Church socials are a free-for-all; I would expect very hearty eaters. I would go with 4 oz portions on the pork and chicken; could you possibly get away with serving a smaller portion on mac and cheese to make it stretch further?


----------



## chefwriter (Oct 31, 2012)

How firm is the count? Is the count including church members acting as volunteers working the event? Any unexpected arrivals? Could the count end up considerably less for any reason?


----------



## ChefMike09 (Jan 22, 2018)

chefwriter said:


> How firm is the count? Is the count including church members acting as volunteers working the event? Any unexpected arrivals? Could the count end up considerably less for any reason?


The count last year when I catered they paid for 150 and about that showed up so pretty firm. If they have left overs I leave it I just don't want to over order to lose money 😀


----------



## ChefMike09 (Jan 22, 2018)

jcakes said:


> Church socials are a free-for-all; I would expect very hearty eaters. I would go with 4 oz portions on the pork and chicken; could you possibly get away with serving a smaller portion on mac and cheese to make it stretch further?


4oz raw right? Mac and cheese isn't on the menu.


----------



## jcakes (Feb 18, 2007)

4 oz raw will cook down, so you might end up with 2 oz.I was thinking 4 oz cooked as a portion size. 

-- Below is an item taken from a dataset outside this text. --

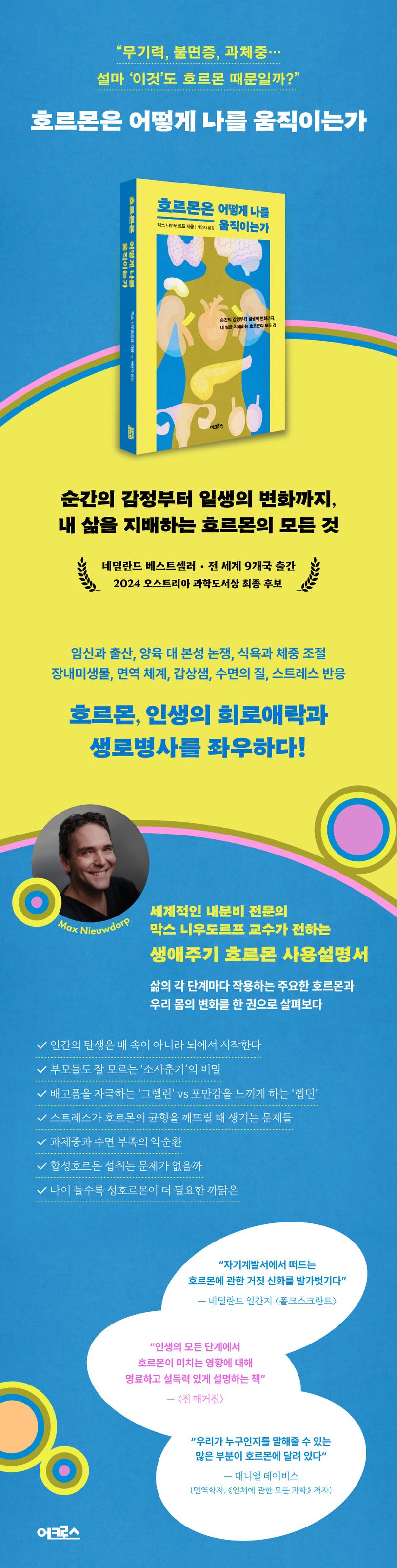 그간 호르몬에 관한 책들은 여성과 남성의 성적인 차이는 왜 나타나는지, 노화 방지를 위한 습관 개선 같이 특정 소재로 치우쳐 있는 경우가 많았다. 그렇기에 호르몬의 광범위하고 놀라운 영향력을 종합적으로 살펴보기에는 아쉬움이 컸다. 이 책은 호르몬을 중심으로 인간의 생애주기를 아우르는 동시에 양육 대 본성 논쟁, 식욕과 체중 조절, 장내미생물, 면역 체계, 수면의 질, 스트레스 반응 등 다양한 주제를 한 권에 담아냈다. 대표적인 호르몬 분비샘의 위치와 모양을 그림으로 보여주고, 미디어에서 자주 다루는 익숙한 호르몬의 숨겨진 역할과 배고픔 호르몬인 ‘그렐린’처럼 우리가 잘 몰랐지만 필수적인 호르몬이 순간의 선택과 감정뿐 아니라 일생의 변화를 주도하는 물질이라는 점을 독자들의 눈높이에 맞춰 매우 이해하기 쉬운 방식으로 설명한다.

I found this link, it might be helpful: How Much Pulled Pork Per Person — Serving Size Guide and Calculator 

I was suggesting a way to reduce the portion size by putting it on something cheap to stretch it if you had to. Mac and cheese shows up with all kinds of variations - reminds me of the mashed potato bars that were all the rage at weddings about 20 years ago.


----------



## willjohn (5 mo ago)

and... i also to


----------



## EllenChef1 (5 mo ago)

willjohn said:


> and... i also to


And... what ?


----------



## JohnDB (10 mo ago)

jcakes said:


> 4 oz raw will cook down, so you might end up with 2 oz.I was thinking 4 oz cooked as a portion size.
> 
> I found this link, it might be helpful: How Much Pulled Pork Per Person — Serving Size Guide and Calculator
> 
> I was suggesting a way to reduce the portion size by putting it on something cheap to stretch it if you had to. Mac and cheese shows up with all kinds of variations - reminds me of the mashed potato bars that were all the rage at weddings about 20 years ago.


Wow....there's an app for everything now. 

Although the portions seem healthy because a 40% trim and cooking loss seems high. So it might create a bit of extra. Not sure exactly because it's been a while. Then speed pressures of the people behind you in line will keep them from overfilling their plates.


----------